WHAT IS NEEDED
Repeat the records in full and exactly, omitting pictures.

**** ENTRIES PROVIDED ****

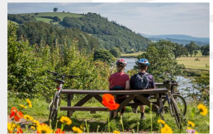
Crook O' Lune
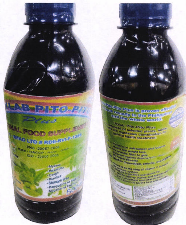
Figure 3. Unregistered Ulylab Pito-Pito Plus
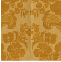
1681-02 MANSART - OR
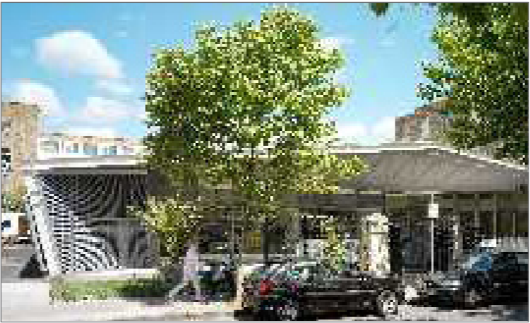
Consultation at the One Stop Shop

Overall, local stakeholders have supported the approach being taken. Details of the feedback provided can be found in Appendix 6.2.

****

EXPECTED OUTPUT
Crook O' Lune
Figure 3. Unregistered Ulylab Pito-Pito Plus
1681-02 MANSART - OR
Consultation at the One Stop Shop

Overall, local stakeholders have supported the approach being taken. Details of the feedback provided can be found in Appendix 6.2.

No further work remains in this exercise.